- [AIM OF THE TASK] Given these entries, repeat exactly the lines starting with the one that has "I made the patchwork" and going on through the one that has "- Белоснежное постельное бельё и полотенца.", both included, but none of the pictures.

[Stored entries]
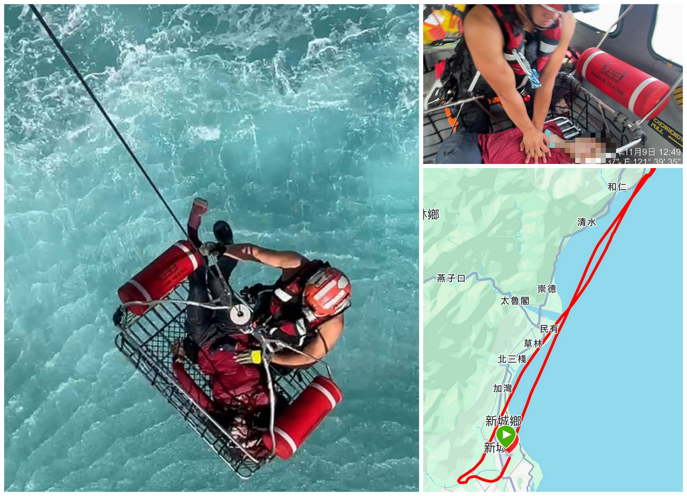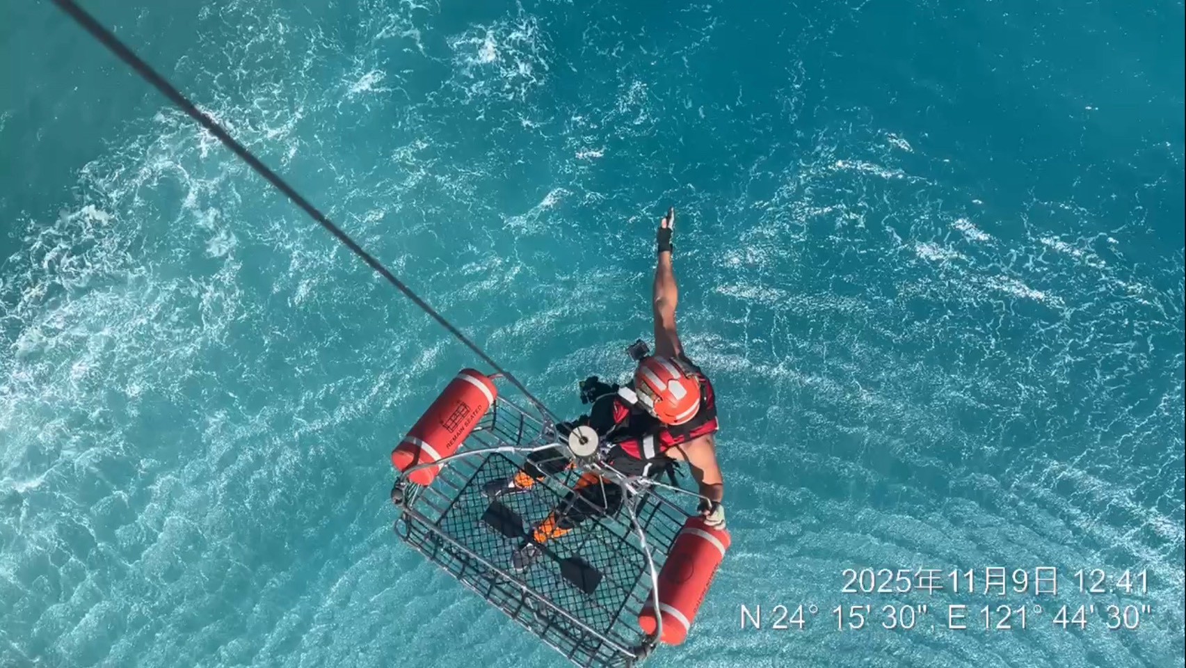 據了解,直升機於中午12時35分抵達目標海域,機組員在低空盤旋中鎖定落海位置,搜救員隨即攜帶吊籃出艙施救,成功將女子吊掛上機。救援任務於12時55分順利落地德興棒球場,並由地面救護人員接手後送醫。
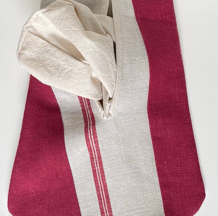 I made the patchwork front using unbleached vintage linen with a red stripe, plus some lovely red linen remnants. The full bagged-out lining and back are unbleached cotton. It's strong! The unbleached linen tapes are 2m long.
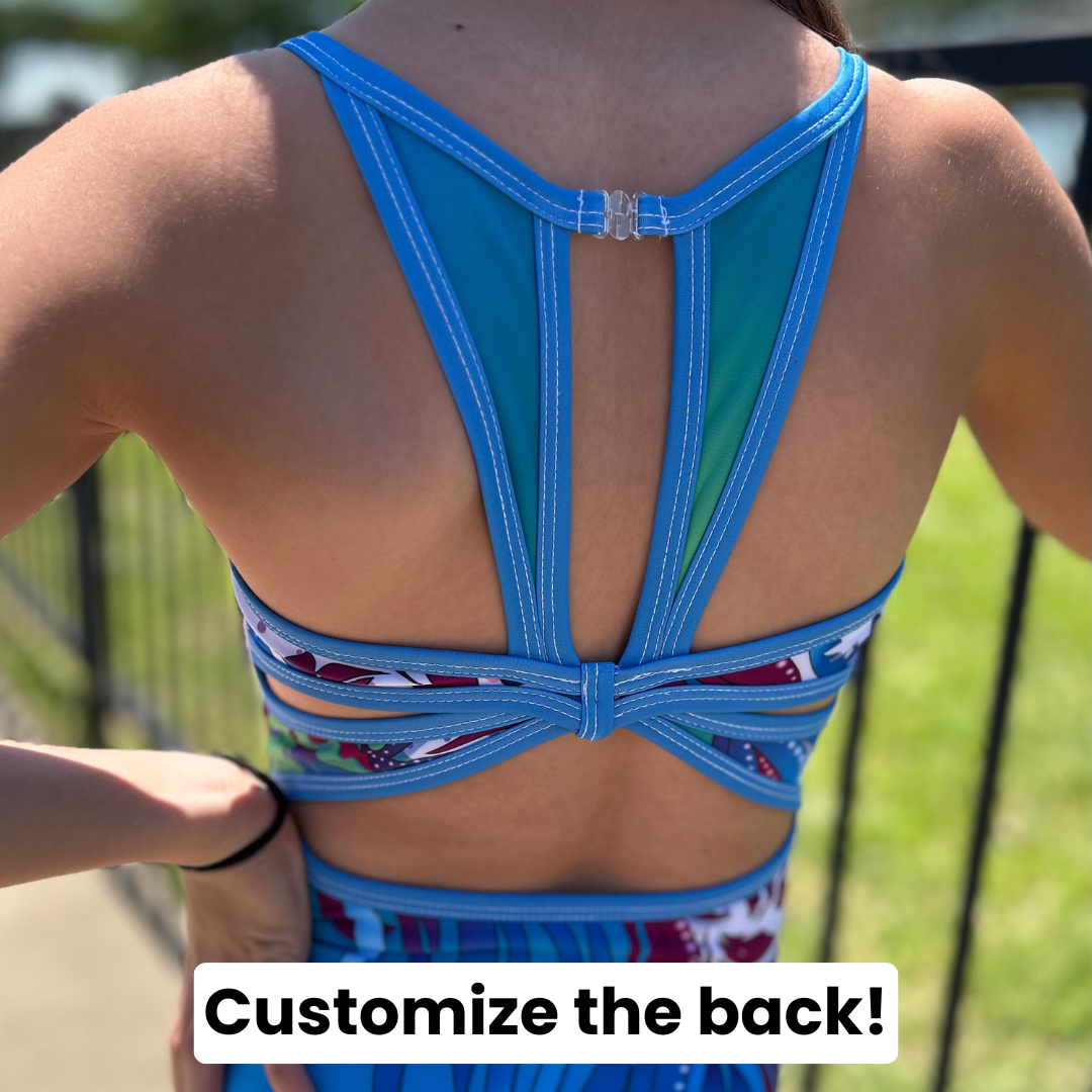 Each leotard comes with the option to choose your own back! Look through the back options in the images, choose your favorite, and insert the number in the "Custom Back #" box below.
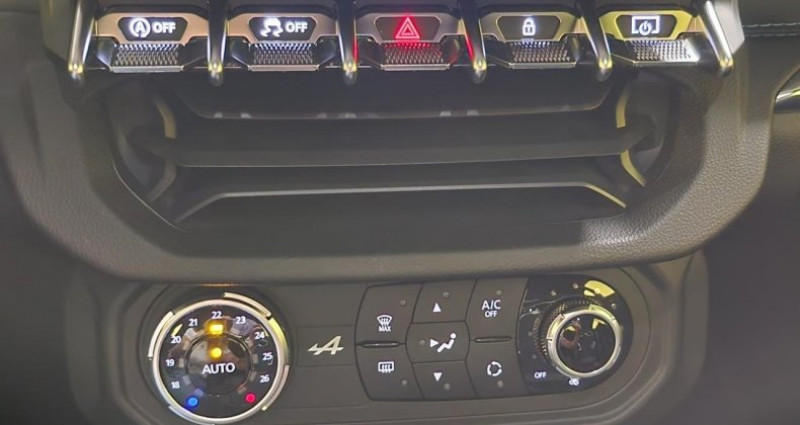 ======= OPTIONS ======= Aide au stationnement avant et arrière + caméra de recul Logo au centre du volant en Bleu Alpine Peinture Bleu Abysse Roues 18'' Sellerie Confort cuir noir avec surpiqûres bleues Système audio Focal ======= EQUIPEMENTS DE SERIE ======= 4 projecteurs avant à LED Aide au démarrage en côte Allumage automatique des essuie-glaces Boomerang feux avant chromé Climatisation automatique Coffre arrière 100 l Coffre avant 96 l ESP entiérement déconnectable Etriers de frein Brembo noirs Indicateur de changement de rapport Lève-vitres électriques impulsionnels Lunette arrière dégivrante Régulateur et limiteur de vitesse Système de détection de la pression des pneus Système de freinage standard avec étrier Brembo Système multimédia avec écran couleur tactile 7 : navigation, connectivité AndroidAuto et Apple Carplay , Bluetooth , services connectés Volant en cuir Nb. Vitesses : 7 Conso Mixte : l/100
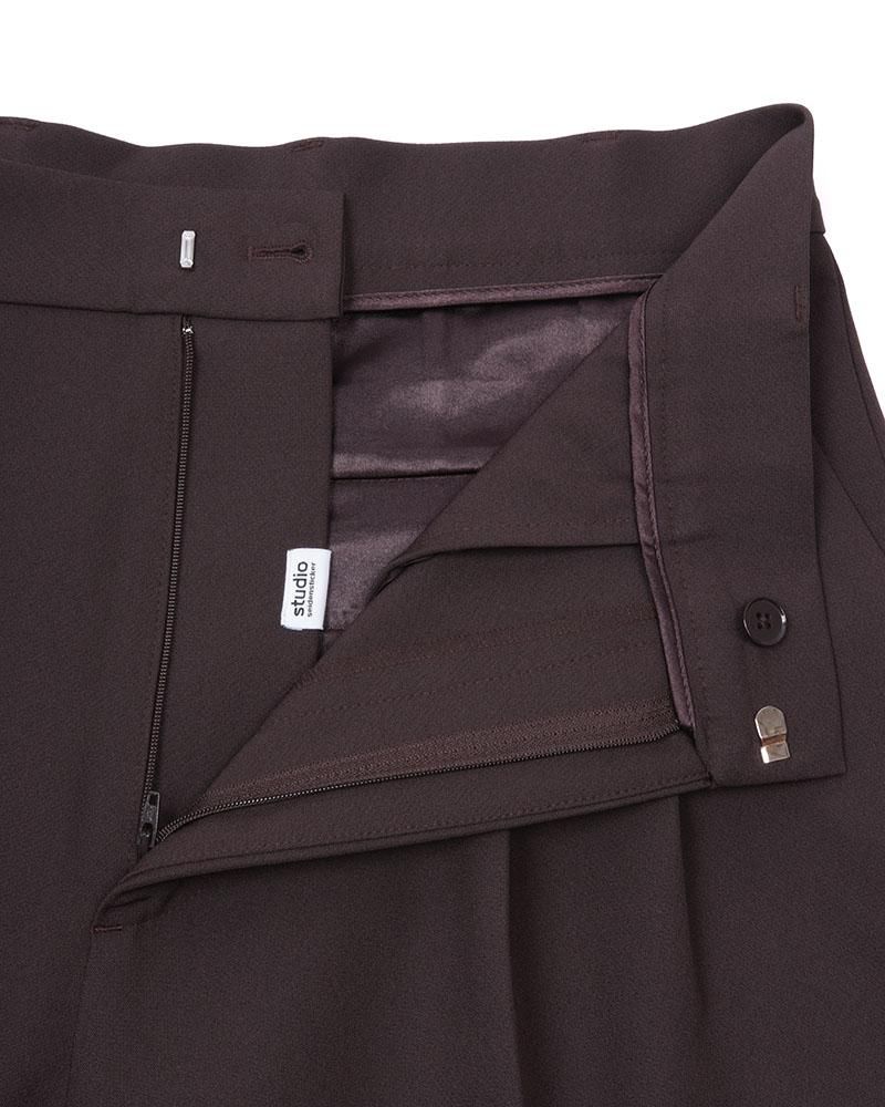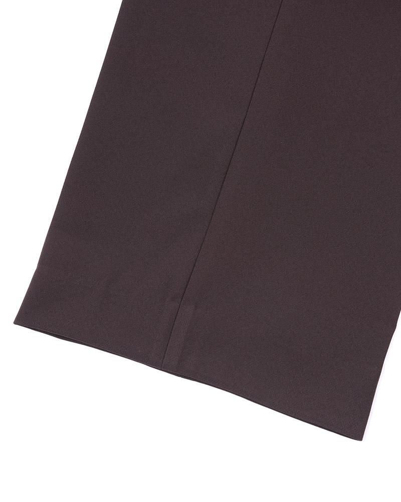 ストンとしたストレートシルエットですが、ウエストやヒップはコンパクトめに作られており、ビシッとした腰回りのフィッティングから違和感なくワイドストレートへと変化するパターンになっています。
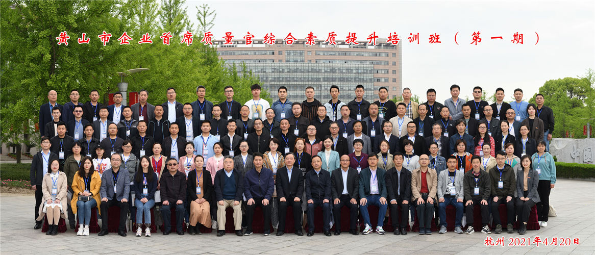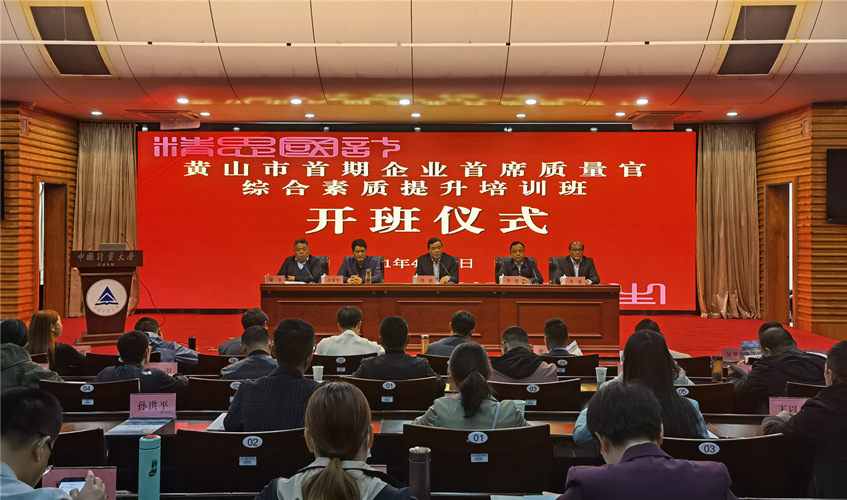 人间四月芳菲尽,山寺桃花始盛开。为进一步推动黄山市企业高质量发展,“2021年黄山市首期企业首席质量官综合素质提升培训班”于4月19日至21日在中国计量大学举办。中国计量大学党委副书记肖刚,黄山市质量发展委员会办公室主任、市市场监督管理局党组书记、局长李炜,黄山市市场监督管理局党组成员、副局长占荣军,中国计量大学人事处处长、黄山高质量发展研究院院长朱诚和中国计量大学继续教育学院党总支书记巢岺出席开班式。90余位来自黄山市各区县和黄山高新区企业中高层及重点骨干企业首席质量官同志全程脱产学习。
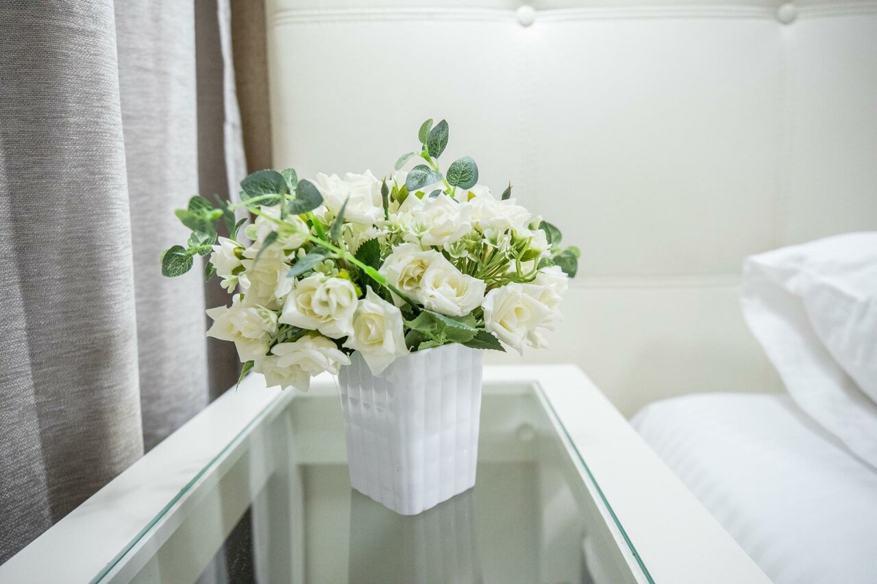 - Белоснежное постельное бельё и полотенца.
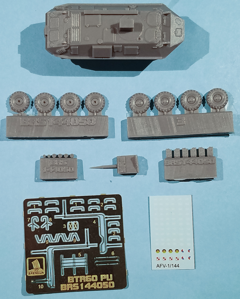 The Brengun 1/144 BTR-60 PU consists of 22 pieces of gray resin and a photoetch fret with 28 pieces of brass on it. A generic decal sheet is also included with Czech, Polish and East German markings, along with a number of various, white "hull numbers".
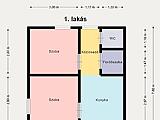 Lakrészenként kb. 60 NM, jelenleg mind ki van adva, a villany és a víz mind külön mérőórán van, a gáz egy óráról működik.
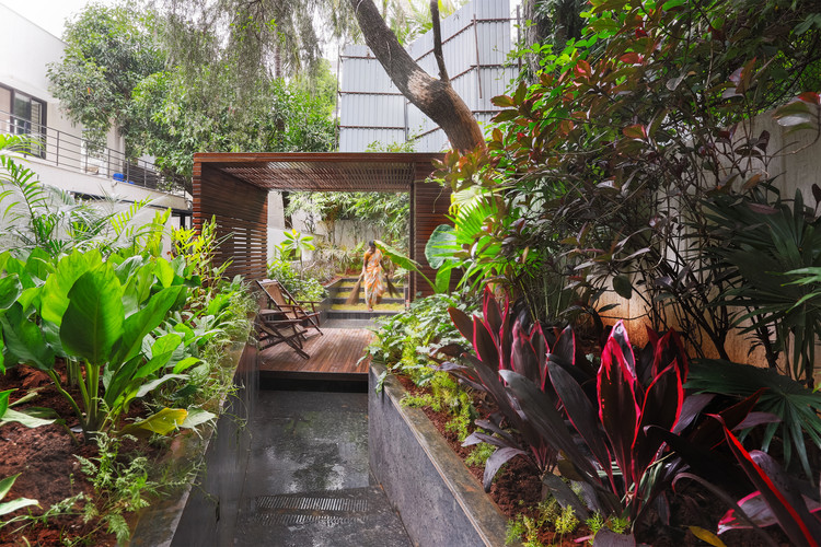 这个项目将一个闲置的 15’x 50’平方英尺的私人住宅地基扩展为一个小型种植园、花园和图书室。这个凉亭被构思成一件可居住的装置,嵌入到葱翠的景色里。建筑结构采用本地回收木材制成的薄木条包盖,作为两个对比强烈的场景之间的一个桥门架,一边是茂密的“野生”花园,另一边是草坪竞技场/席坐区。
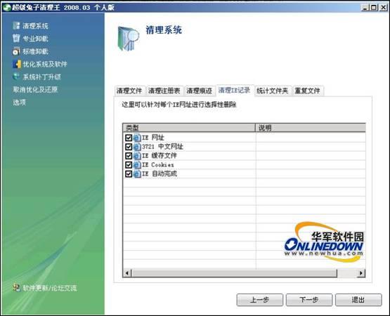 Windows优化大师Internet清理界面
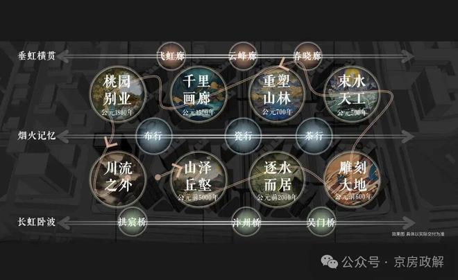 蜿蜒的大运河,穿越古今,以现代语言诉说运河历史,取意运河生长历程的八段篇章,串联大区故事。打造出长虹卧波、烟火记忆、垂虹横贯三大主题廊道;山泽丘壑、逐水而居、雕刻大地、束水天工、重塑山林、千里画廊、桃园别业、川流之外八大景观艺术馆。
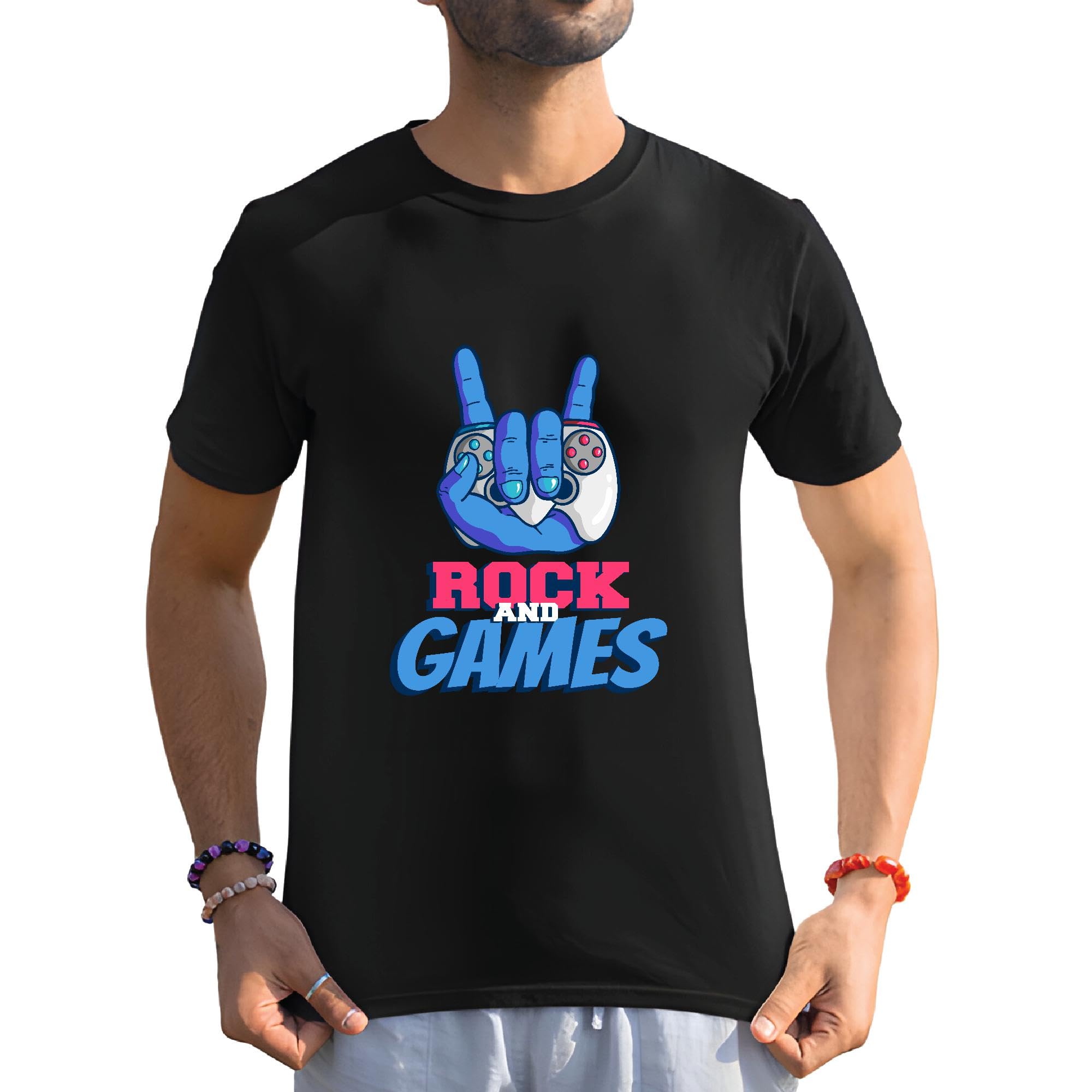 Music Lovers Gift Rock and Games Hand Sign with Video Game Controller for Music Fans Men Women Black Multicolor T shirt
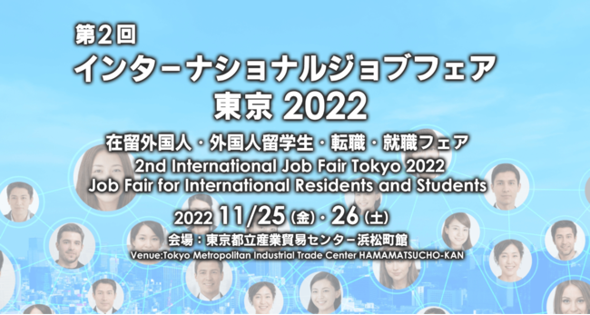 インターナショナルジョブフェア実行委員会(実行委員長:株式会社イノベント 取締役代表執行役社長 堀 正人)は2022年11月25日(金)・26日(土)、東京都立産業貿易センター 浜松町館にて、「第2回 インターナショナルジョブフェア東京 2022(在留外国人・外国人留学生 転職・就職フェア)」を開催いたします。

- [SOLVED PROBLEM]
 I made the patchwork front using unbleached vintage linen with a red stripe, plus some lovely red linen remnants. The full bagged-out lining and back are unbleached cotton. It's strong! The unbleached linen tapes are 2m long.
 Each leotard comes with the option to choose your own back! Look through the back options in the images, choose your favorite, and insert the number in the "Custom Back #" box below.
 ======= OPTIONS ======= Aide au stationnement avant et arrière + caméra de recul Logo au centre du volant en Bleu Alpine Peinture Bleu Abysse Roues 18'' Sellerie Confort cuir noir avec surpiqûres bleues Système audio Focal ======= EQUIPEMENTS DE SERIE ======= 4 projecteurs avant à LED Aide au démarrage en côte Allumage automatique des essuie-glaces Boomerang feux avant chromé Climatisation automatique Coffre arrière 100 l Coffre avant 96 l ESP entiérement déconnectable Etriers de frein Brembo noirs Indicateur de changement de rapport Lève-vitres électriques impulsionnels Lunette arrière dégivrante Régulateur et limiteur de vitesse Système de détection de la pression des pneus Système de freinage standard avec étrier Brembo Système multimédia avec écran couleur tactile 7 : navigation, connectivité AndroidAuto et Apple Carplay , Bluetooth , services connectés Volant en cuir Nb. Vitesses : 7 Conso Mixte : l/100
 ストンとしたストレートシルエットですが、ウエストやヒップはコンパクトめに作られており、ビシッとした腰回りのフィッティングから違和感なくワイドストレートへと変化するパターンになっています。
 人间四月芳菲尽,山寺桃花始盛开。为进一步推动黄山市企业高质量发展,“2021年黄山市首期企业首席质量官综合素质提升培训班”于4月19日至21日在中国计量大学举办。中国计量大学党委副书记肖刚,黄山市质量发展委员会办公室主任、市市场监督管理局党组书记、局长李炜,黄山市市场监督管理局党组成员、副局长占荣军,中国计量大学人事处处长、黄山高质量发展研究院院长朱诚和中国计量大学继续教育学院党总支书记巢岺出席开班式。90余位来自黄山市各区县和黄山高新区企业中高层及重点骨干企业首席质量官同志全程脱产学习。
 - Белоснежное постельное бельё и полотенца.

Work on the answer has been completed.